JAN 1 2024 Starting period

  • For IA category, Eligible Providers can choose any 90 consecutive day time frame starting from January 1 – October 3, 2024, to report performance for.
  • As finalized starting PY 2024, for PI category, Eligible Providers can choose any 180 consecutive day time frame starting from January 1 – July 5, 2024, to report performance for.

Understanding Payment Adjustments for MIPS 2024

If an eligible provider participates in MIPS, the provider receives performance based payment adjustment according to the final score calculated from the data submitted.

The payment adjustment may be neutral, positive or negative depending upon the threshold score.

Opt-in eligible providers are also eligible to receive payment adjustments as per their performance. However, providers reporting voluntarily do receive feedback but not a payment adjustment.

The payment adjustments are applicable to the Medicare Part B services provided 2 years after the performance year. For example, the 2024 score will be used to calculate reimbursement of Medicare Part B claims in 2026.

Payment Adjustment: Payment adjustment for the 2024 performance year ranges from – 9% to + 9% as per the CMS 2023 final rule. The scaling factor is determined in a way so that budget neutrality is achieved. The payment adjustment is applied to the amount Medicare Part B claims.

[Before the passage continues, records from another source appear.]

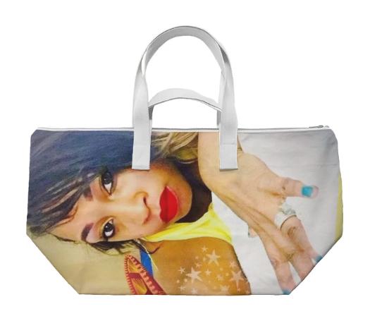 This weekend bag fits all the basics for a short trip. Two lengths of black or white webbing handles makes it easy to carry. Inner zip up pocket ensures easy access to smaller important items.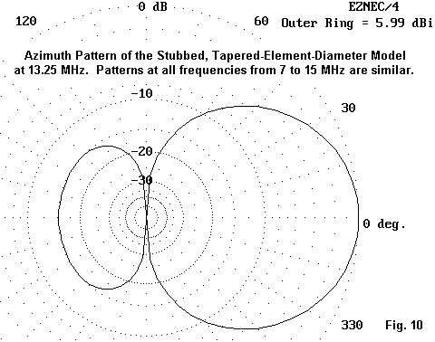 For the record, we might record what is now happening at 13.25 MHz, the frequency at which we examined the current distribution and magnitude on the elements of the 8904C LPDA array. As Fig. 9 shows, the addition of the 6" stub brings the rear 5 elements into relative quiescence so that the forward 5 elements take almost complete control of the antenna pattern. And while we are recording for the record, Fig. 10 shows the azimuth pattern of the stubbed array at 13.25 MHz. The pattern is perfectly ordinary for an array of this size and all of the patterns at all of the frequencies look almost identical. That is why we added the stub.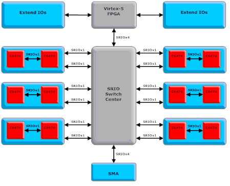 芯片互联,启动同步以及多内核通信和管理是多处理器系统设计所面临的最大挑战,AVST的这款开发平台选择了SRIO总线做为多处理器之间的物理互联方式,这是一种高性能的多处理器互联方式,1x模式下可以用很少的IO资源提供理论峰值高达3.125Gbps的传输带宽。该平台选用了一颗高性能的SRIO交换芯片作为12颗DSP处理器和1颗FPGA芯片的数据交换中心,可以支持12路1x的SRIO链接和2个4x的SRIO数据链接。同时,借助TI公司的CCS集成开发环境和DSP BIOS实时内核,可以高效的完成对三核心DSP程序的精确仿真和调试工作。

CMS has removed complex patient bonus starting PY 2023.

  • Limiting the bonus to clinicians who have a median or higher value for at least one of the two risk indicators (HCC and dual proportion).
  • Updating the formula to standardize the distribution of 2 two risk indicators so that the policy can target clinicians who have a higher share of socially and/or medically complex patients.
  • Increasing the bonus to a maximum of 10.0 points.

Application of Final Score to Payment Adjustment: CMS has changed this hierarchy beginning with the 2024 performance period/2026 payment year:

  • Virtual group final score
  • Highest available final score from APM Entity, APP, group, and/or individual participation

Submission Types for 2024

Submission Type is the mechanism by which the submitter type submits data to CMS:

  • Direct (transmitting data through a computer-to-computer interaction, such as an Application Program Interface, or API);
  • Sign in and upload (attaching a file);
  • Sign in and attest (manually entering data);
  • Medicare Part B claims;

CMS will aggregate quality measures collected through multiple collection types. If you submit the same measure through multiple collection types, CMS will select the collection type for that measure with the greatest number of measure achievement points for scoring.

With the exception of CMS Web Interface measures, CMS will aggregate quality measures collected through multiple collection types. If you submit the same measure through multiple collection types, we will select the collection type for that measure with the greatest number of measure achievement points for scoring.